WHAT YOU WILL DO> Although the material holds pictures, none belong in the copy; transcribe exactly, and only, the lines from the one with "Woven Shoulder V" through the end.

DATASET RECORDS>

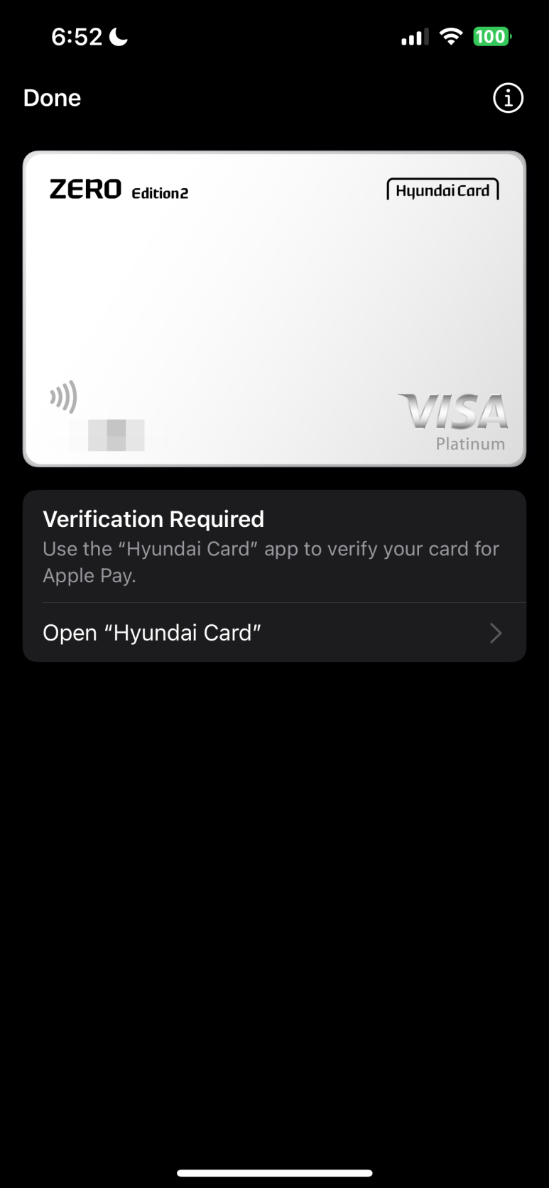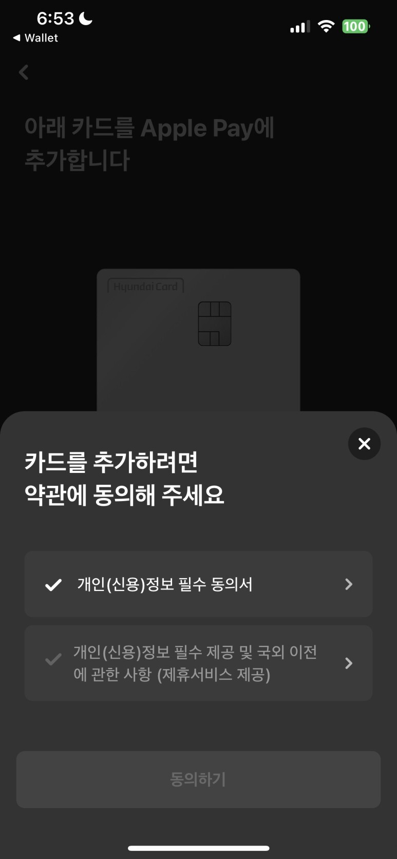 아이폰 지갑 앱을 활성화하고 현대카드 정보를 입력했습니다. 등록된 것을 확인하였습니다.
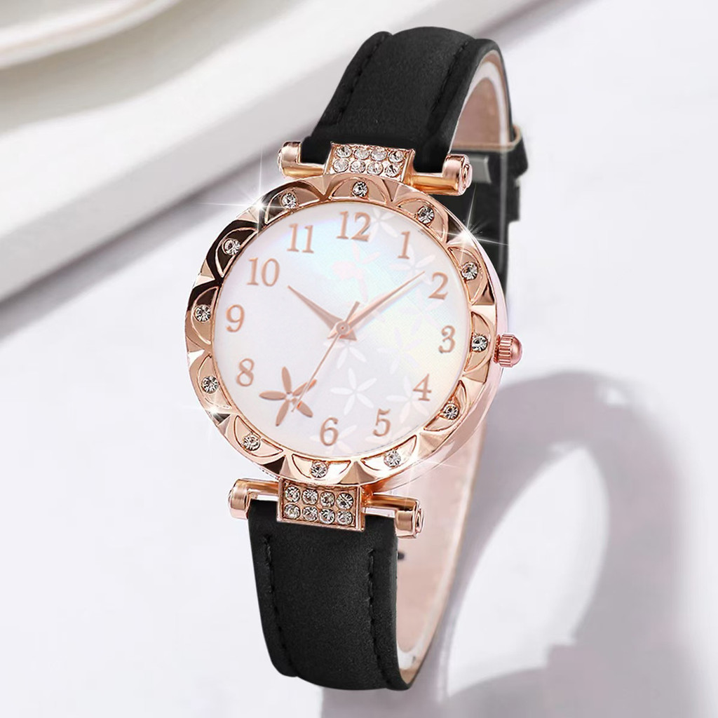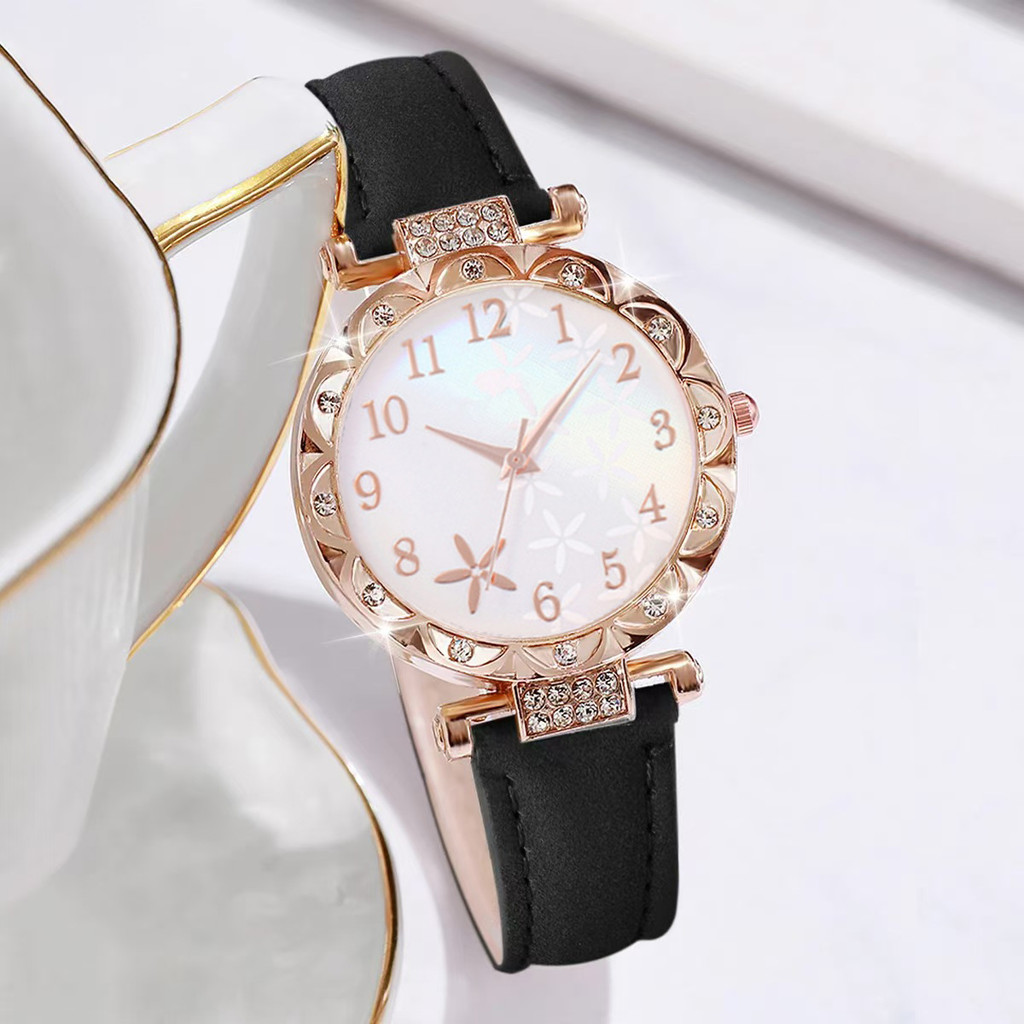 Conjunto De Relógio Com Pulseira De 6 Peças , Novo Feminino De Quartzo Preto De Luxo E Elegante
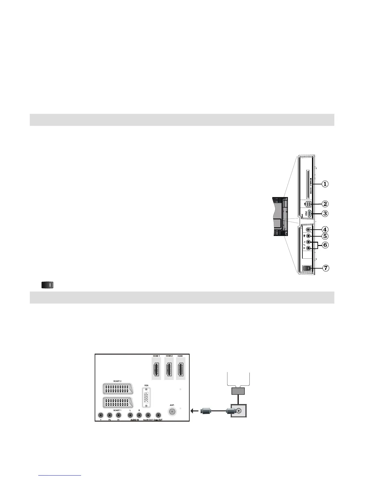 Note: that if you use a decoder or a media recorder, you should connect the aerial cable through the device
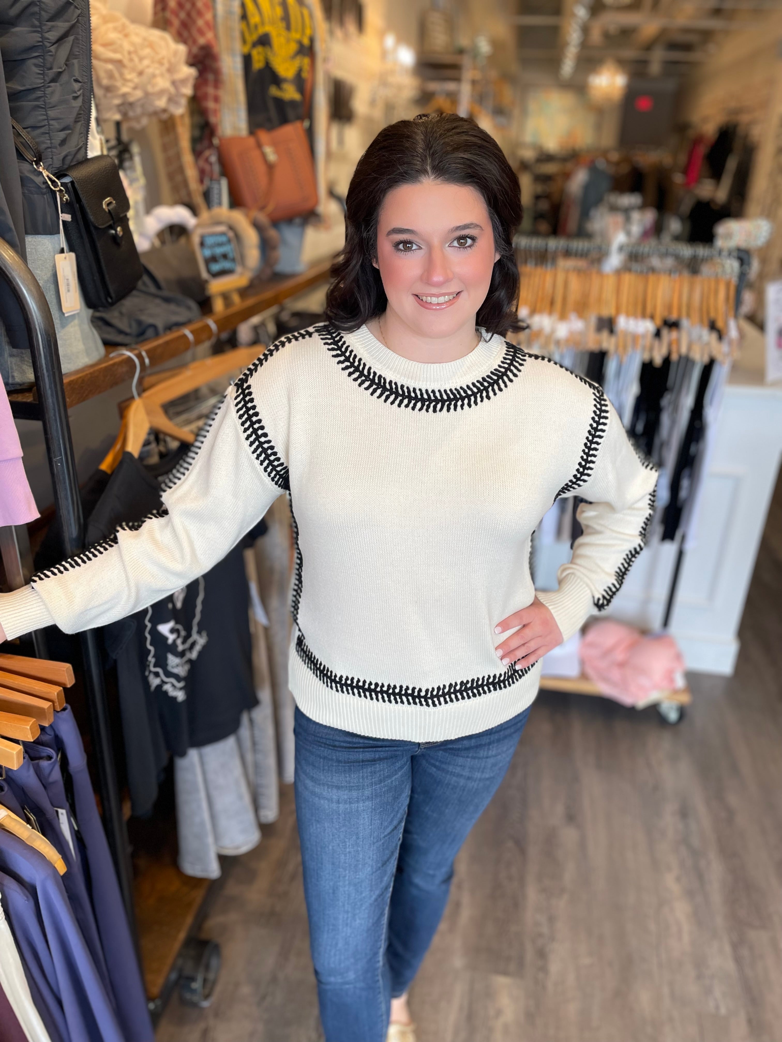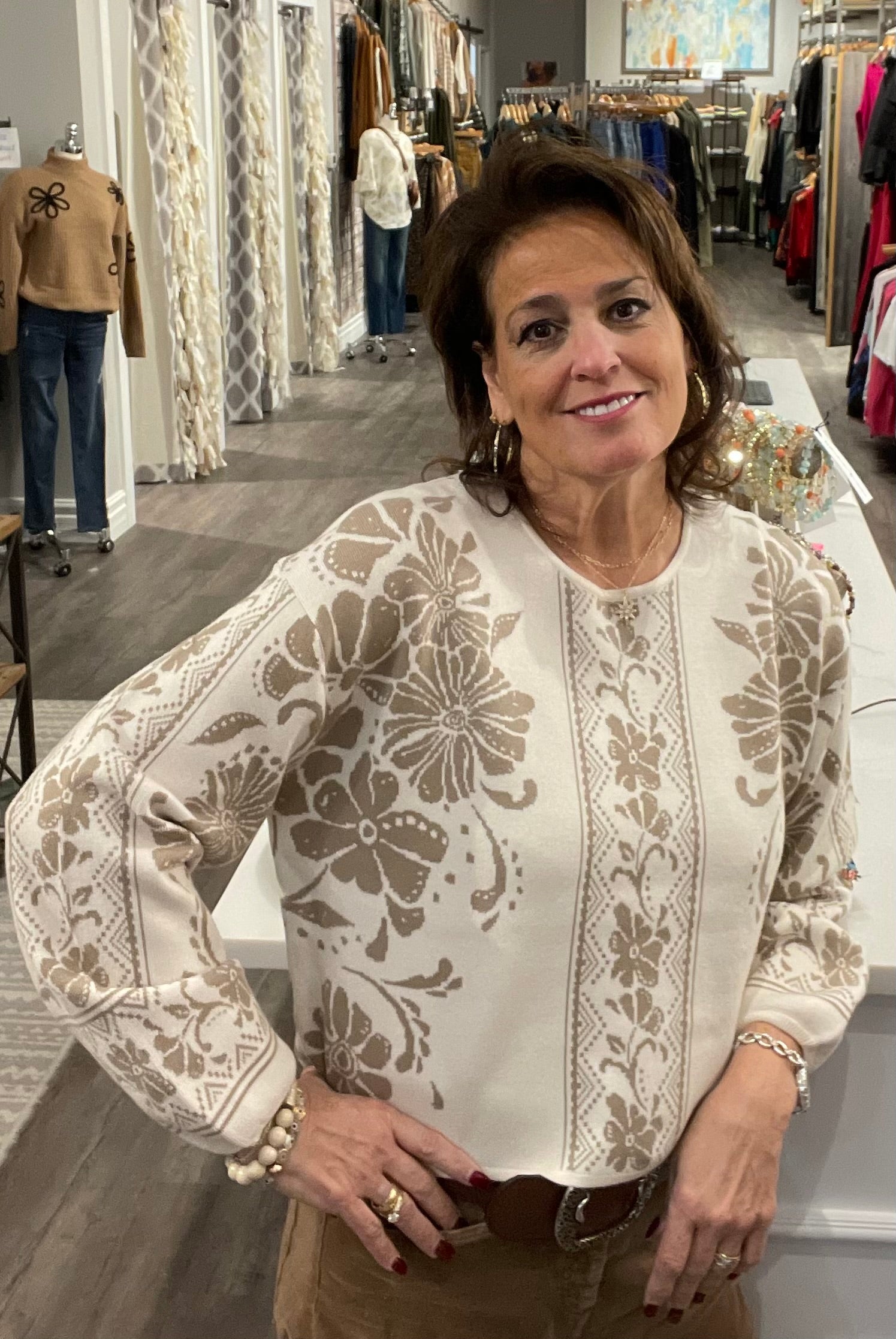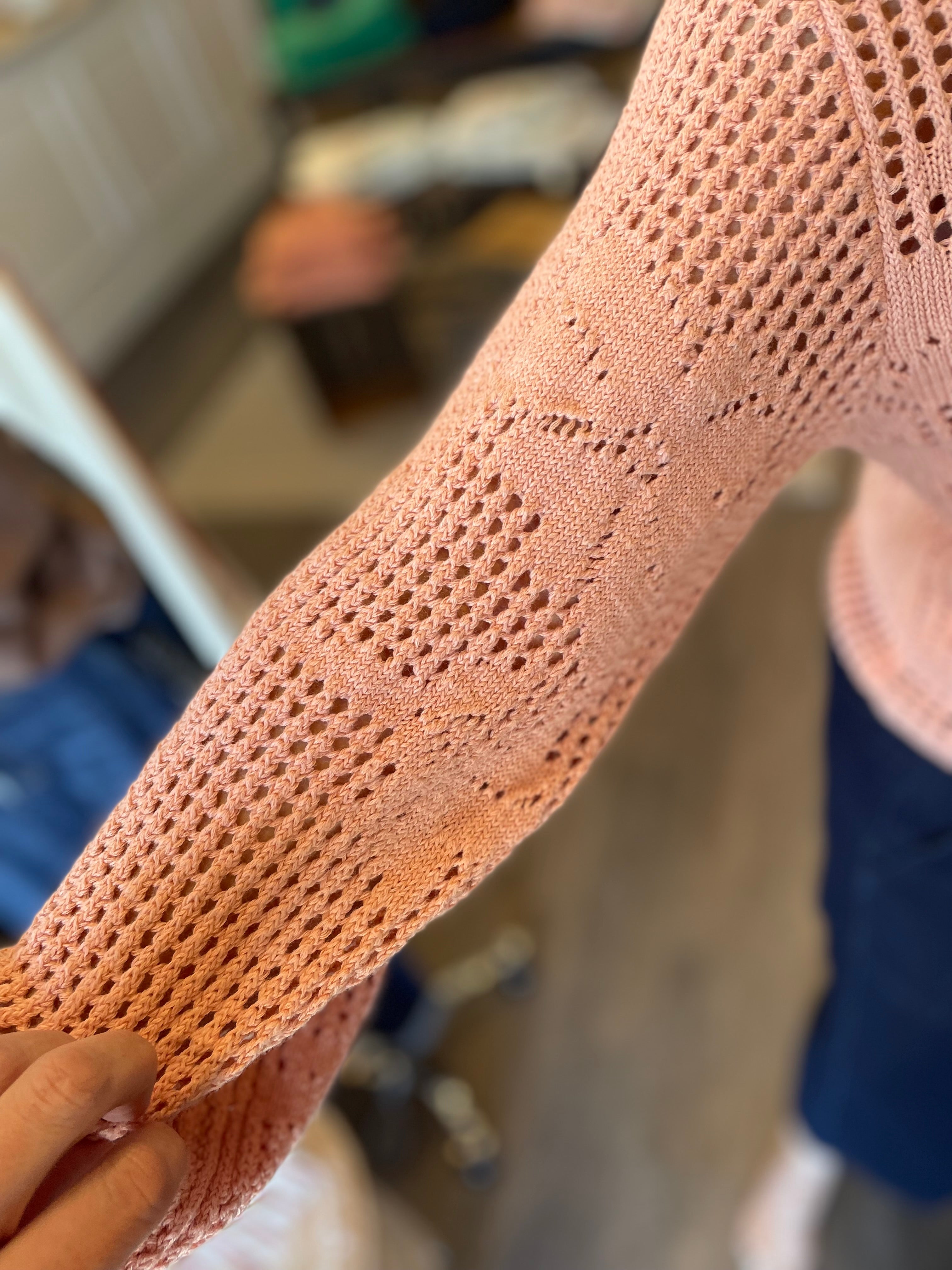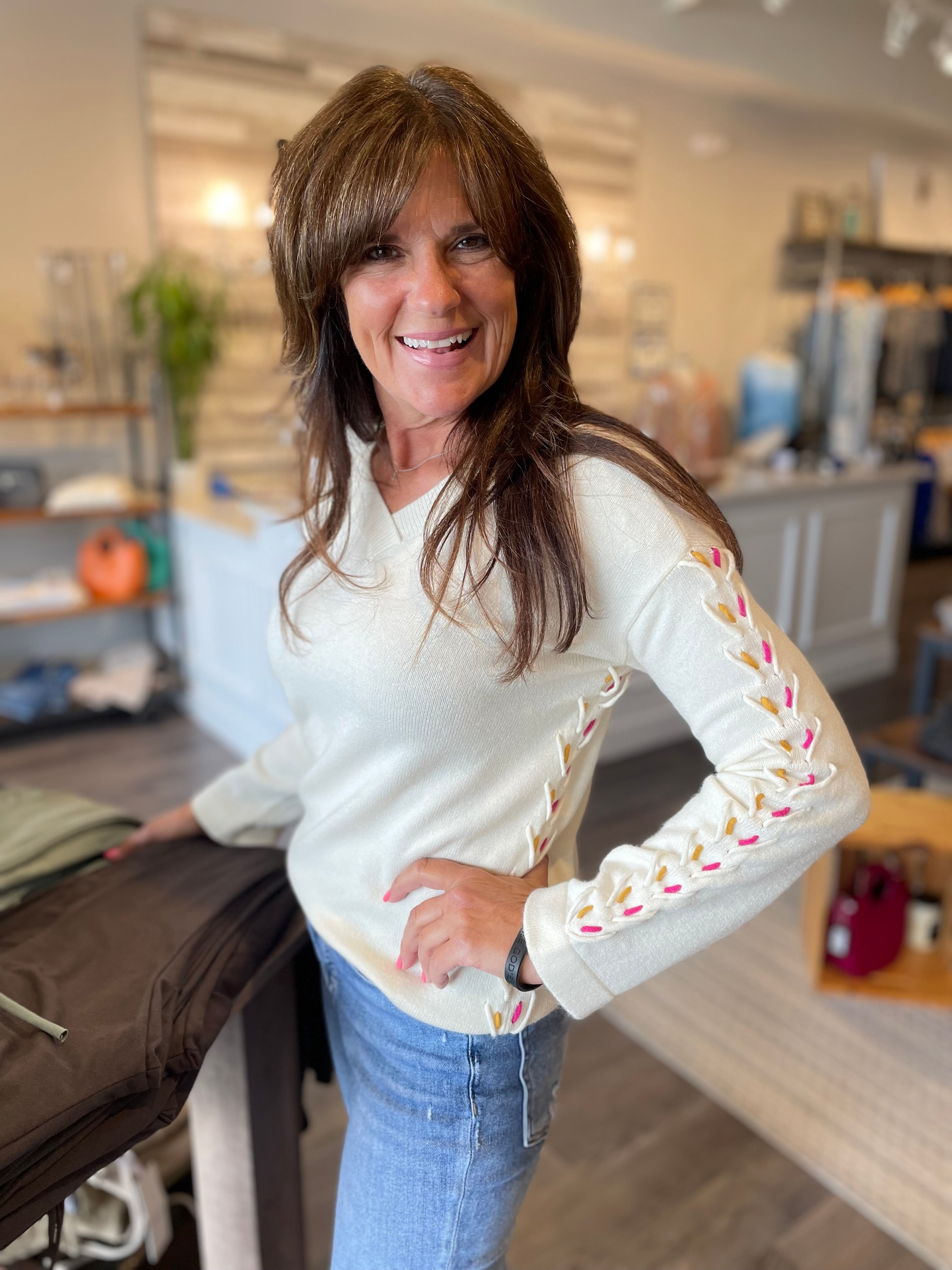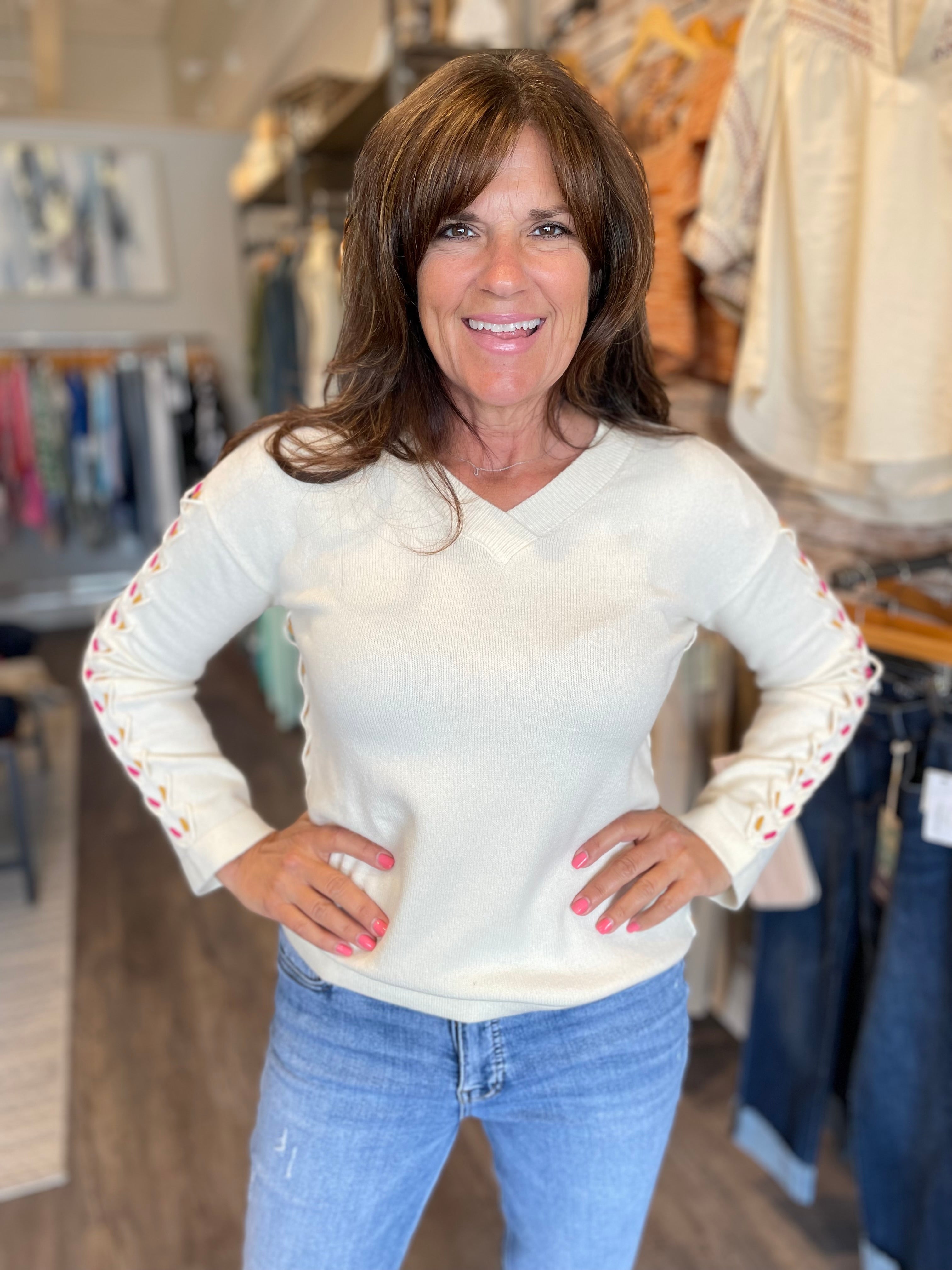 Woven Shoulder V Neck Sweater w/ Bell Sleeves - HQ
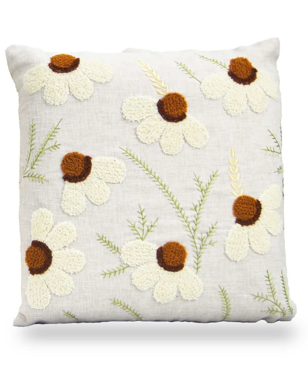 Ivory Colored Floral Designed Cushion Covers -Made Of Khadi Cotton With Thread Work Done Set Of 5 (Size: 16″*16″)

COMPLETED EXERCISE>
 Woven Shoulder V Neck Sweater w/ Bell Sleeves - HQ
 Ivory Colored Floral Designed Cushion Covers -Made Of Khadi Cotton With Thread Work Done Set Of 5 (Size: 16″*16″)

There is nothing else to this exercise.